The civilisation cost of the prisoner’s dilemma, with the payoffs of the example, is computed by means of \(3 = 4(1 - \gamma ) + \frac{\gamma }{2}4\), which yields \(\gamma = \frac{1}{2}\). This is the same value as that of the selfishness level, because substitution of \(\frac{1}{2}\) for \(\gamma \) in the equation \(\alpha = \frac{\gamma }{2 - 2\gamma }\) yields \(\alpha = \frac{1}{2}\).

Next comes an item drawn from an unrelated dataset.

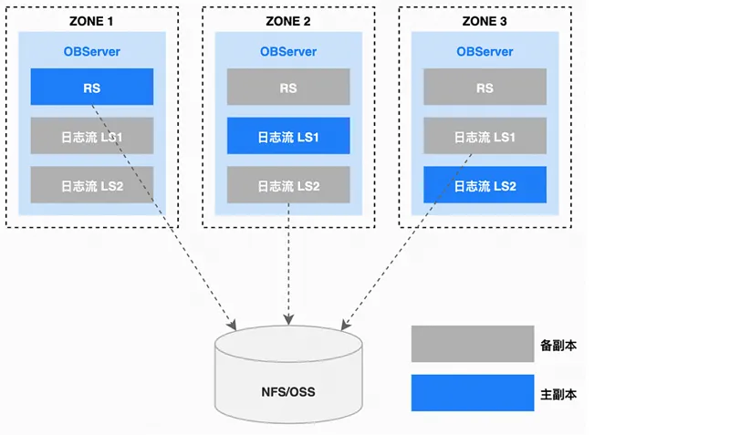 OCP 工具的另一项重要功能是备份与恢复。在 OCP 中,物理备份由基线数据、日志归档数据两种数据组成,数据备份优先选择 Follower 副本进行备份,当用户发起数据备份请求时,该请求会首先被转发到 RS 所在的节点上,RS 会根据当前的租户和租户包含的 PG 生成备份数据的任务,然后把备份任务分发到 OBServer 节点上并行地执行备份任务,把备份文件数据存放在指定的网络存储,如NFS、S3等。

If we change the payoffs by setting \(u_I(d,c) = u_{II}(c,d) = 5\), while leaving everything else unchanged, the cost of civilization is given by \(3 = 5(1 - \alpha ) + \frac{\alpha }{2}5\), which yields \(\alpha = \frac{4}{5}\). The selfishness level in this case is given by \(3 + 6\alpha = 5 + 5 \alpha \), which yields \(\alpha = 2\).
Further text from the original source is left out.